Leases expired Sept; DOG approval saves them, well winter 2025-26

Kay Cashman

Petroleum News

Retroactive to Oct. 12, 2022, on Jan. 31, 2024, the Alaska Department of Natural Resources' Division of Oil and Gas approved the formation of the Smith Bay unit, encompassing approximately 117,093 acres of state of Alaska oil and gas leases in the shallow waters of Smith Bay north of the National Petroleum Reserve-Alaska.

(See map in the online issue PDF)

Operator Caelus Energy Alaska Smith Bay LLC and other working interest owners commit to drilling an exploration well including a horizontal section and production test during the winter ice exploration season of 2025-26.

The individuals that signed the Smith Bay unit agreement attached to the unit application for the three working interest owner companies were as follows:

*David Pfeiffer, manager, Caelus Energy Alaska Smith Bay LLC (75%)
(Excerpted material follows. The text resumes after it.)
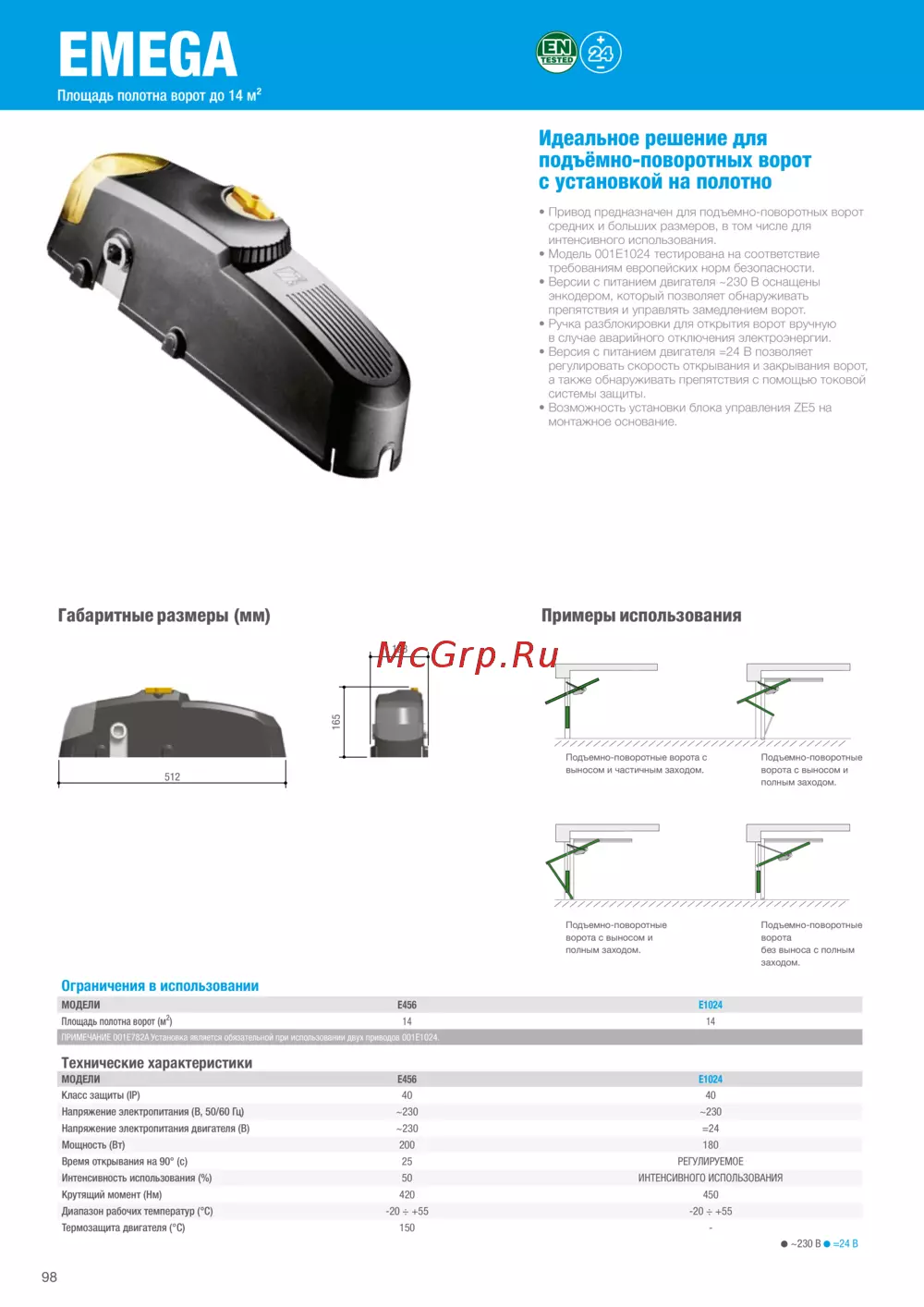 Came GPX40MGS — технические характеристики и применение приводов для ворот [99/362]

*David Pfeiffer, president, The Smith Bay Company Alaska Inc. (17.5%)

*David Cruz, managing member, L 71 Resources LLC (7.5%)

Caelus filed the original Smith Bay unit application on Oct. 10, 2022, but the application was not deemed complete by the Division of Oil and Gas until Oct. 26, 2023, following more than a year of negotiations.

All 26 leases (or parts of leases) in the unit expired in September, but unitization staves off the expiration and holds the leases.

In its approval, the division said the potential hydrocarbon accumulation in the Smith Bay unit lies in Brookian turbidite sandstones in the lower Torok formation.

Five wells have been drilled in or near the Smith Bay unit, or SBU.

Early exploration wells

The following three exploration wells were drilled in 1978, 1979 and 1980.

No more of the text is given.